[Data items]
════════

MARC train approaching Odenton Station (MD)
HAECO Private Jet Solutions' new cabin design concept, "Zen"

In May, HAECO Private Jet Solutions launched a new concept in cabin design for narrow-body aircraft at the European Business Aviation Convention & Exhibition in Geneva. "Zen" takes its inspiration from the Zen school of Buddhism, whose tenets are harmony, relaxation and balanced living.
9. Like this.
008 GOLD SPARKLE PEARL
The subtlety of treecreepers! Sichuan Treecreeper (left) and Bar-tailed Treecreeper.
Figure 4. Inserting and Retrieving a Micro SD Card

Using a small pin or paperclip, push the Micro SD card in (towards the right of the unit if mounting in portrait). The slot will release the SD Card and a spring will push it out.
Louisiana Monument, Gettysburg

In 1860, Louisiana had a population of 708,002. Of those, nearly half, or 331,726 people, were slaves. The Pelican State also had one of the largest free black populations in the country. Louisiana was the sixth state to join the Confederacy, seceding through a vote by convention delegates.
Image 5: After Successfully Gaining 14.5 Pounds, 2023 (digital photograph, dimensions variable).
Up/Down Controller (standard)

════════

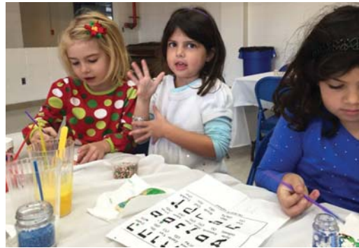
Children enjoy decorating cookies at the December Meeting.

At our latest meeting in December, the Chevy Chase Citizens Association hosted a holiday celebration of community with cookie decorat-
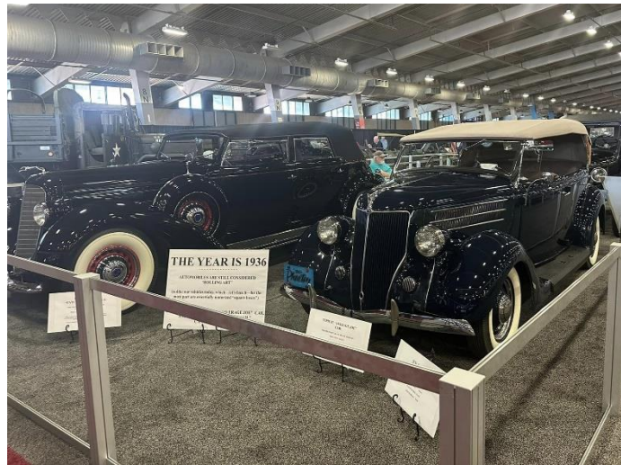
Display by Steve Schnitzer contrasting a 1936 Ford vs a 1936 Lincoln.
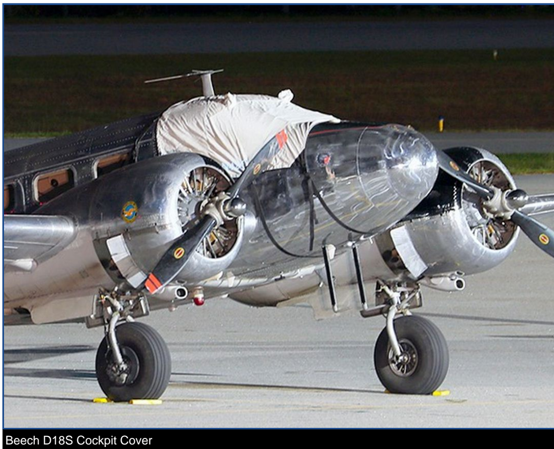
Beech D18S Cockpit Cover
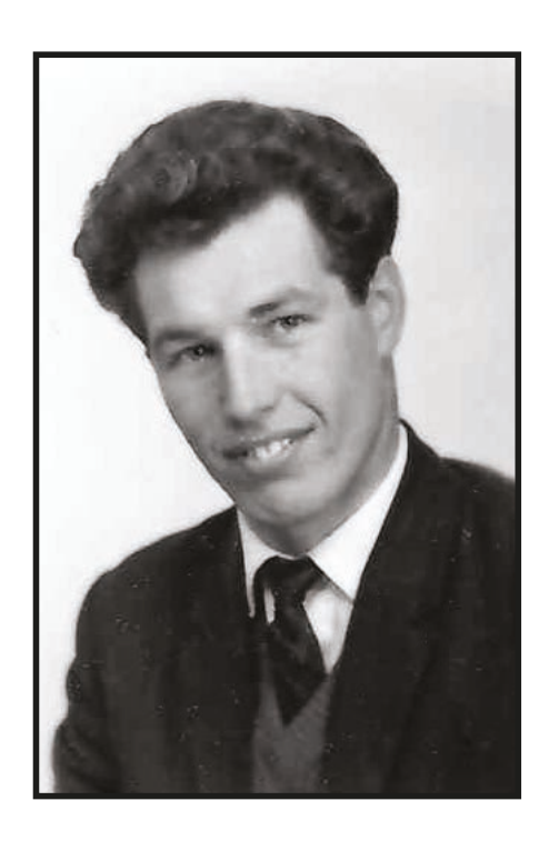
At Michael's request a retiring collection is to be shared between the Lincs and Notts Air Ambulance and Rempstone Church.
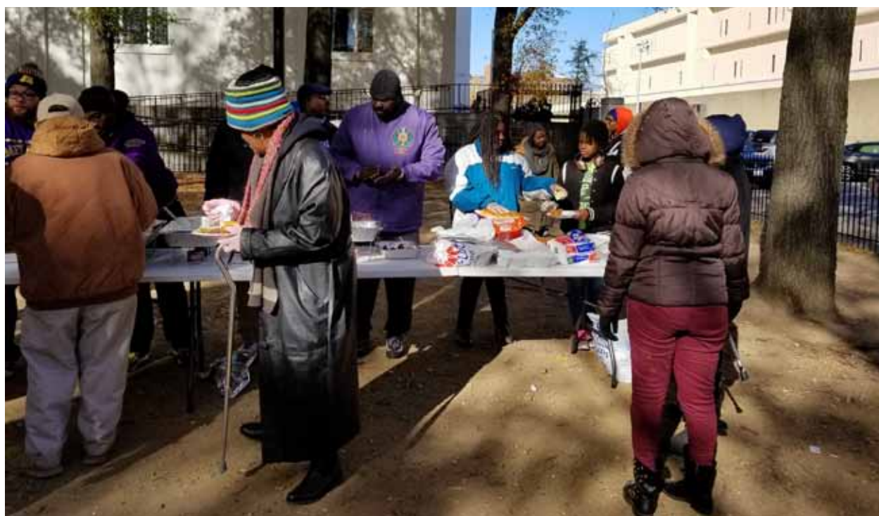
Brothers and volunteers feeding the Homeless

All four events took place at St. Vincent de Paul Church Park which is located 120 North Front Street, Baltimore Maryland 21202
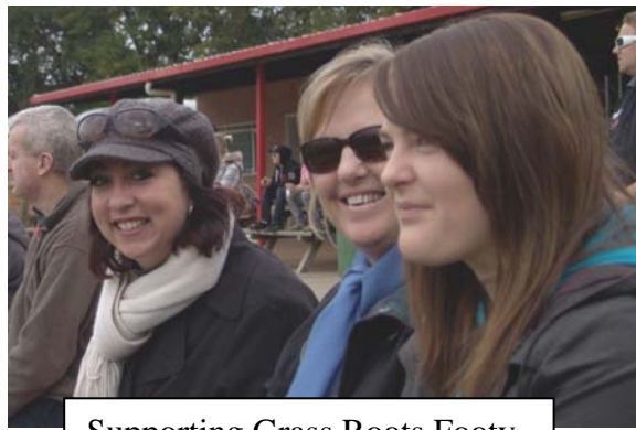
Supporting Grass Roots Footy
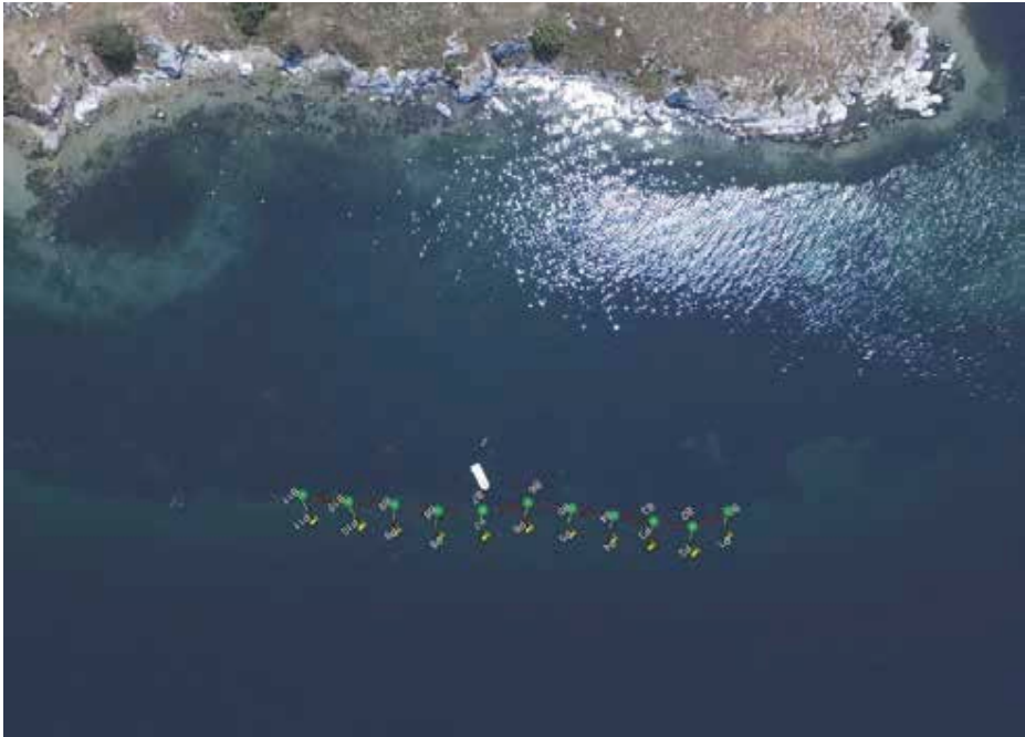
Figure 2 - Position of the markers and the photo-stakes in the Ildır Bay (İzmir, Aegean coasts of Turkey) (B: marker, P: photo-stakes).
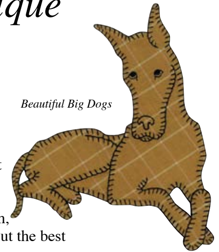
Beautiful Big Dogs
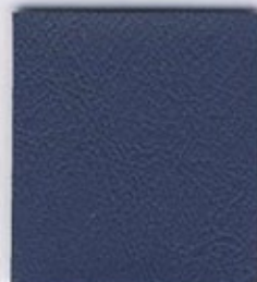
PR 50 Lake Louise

════════

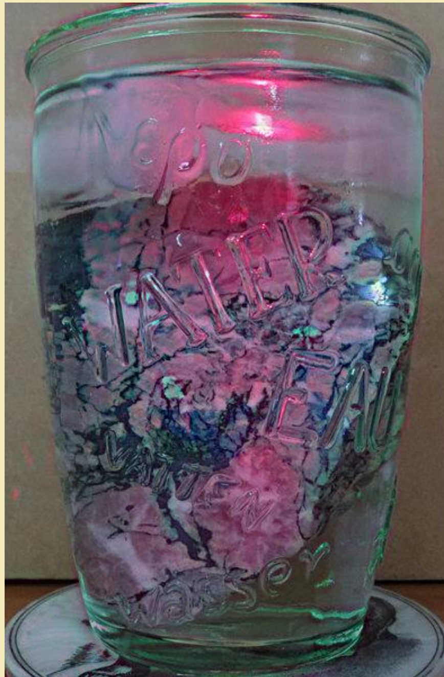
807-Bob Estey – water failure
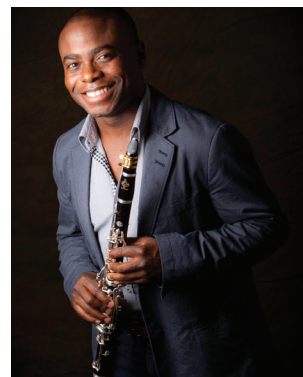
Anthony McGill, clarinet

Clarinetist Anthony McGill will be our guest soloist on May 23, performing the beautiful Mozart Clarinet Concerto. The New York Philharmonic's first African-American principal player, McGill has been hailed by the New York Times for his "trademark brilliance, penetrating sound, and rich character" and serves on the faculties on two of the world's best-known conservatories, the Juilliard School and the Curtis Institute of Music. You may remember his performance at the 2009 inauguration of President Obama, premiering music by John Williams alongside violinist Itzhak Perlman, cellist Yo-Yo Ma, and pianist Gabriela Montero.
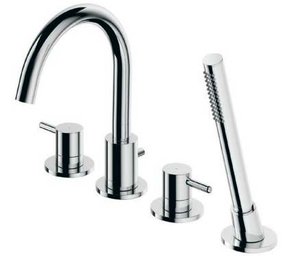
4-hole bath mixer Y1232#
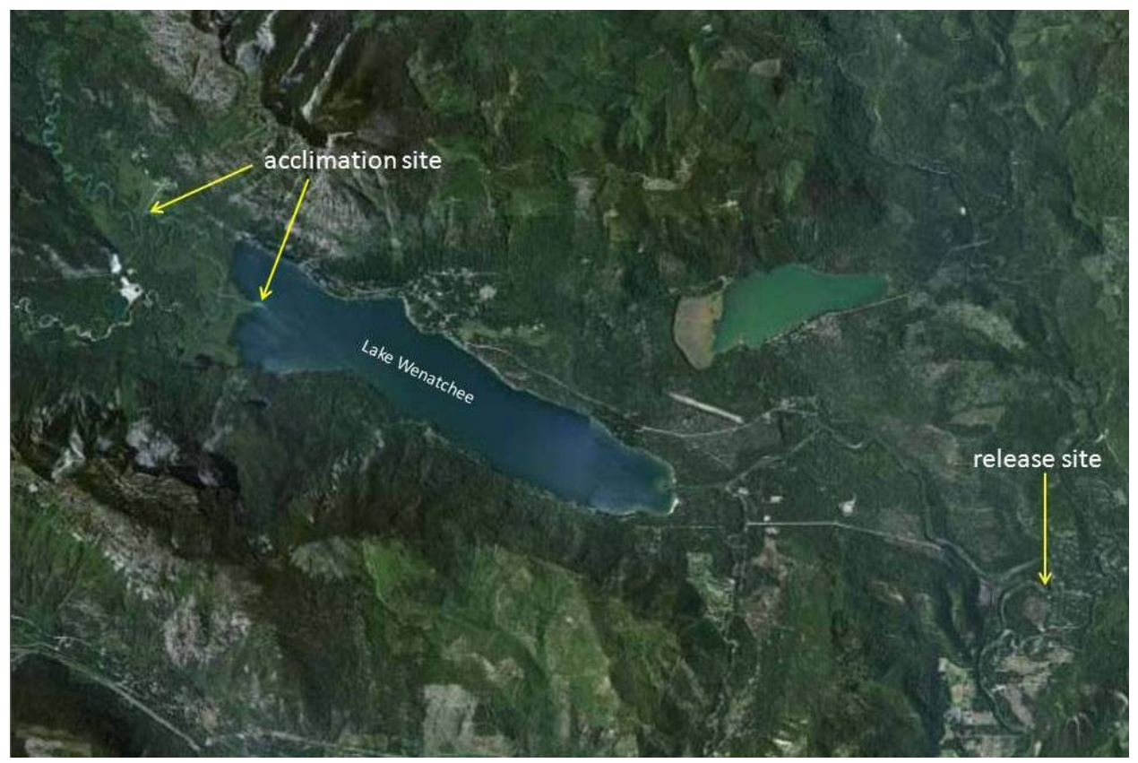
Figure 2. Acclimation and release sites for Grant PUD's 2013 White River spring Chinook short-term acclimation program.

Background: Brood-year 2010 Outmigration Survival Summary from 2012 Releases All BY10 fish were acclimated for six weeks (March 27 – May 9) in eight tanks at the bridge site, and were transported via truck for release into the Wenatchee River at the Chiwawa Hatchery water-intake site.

════════

Work to be completed: Tally the lines above in which the string "Church" occurs, and give the total with nothing added.

Response: 2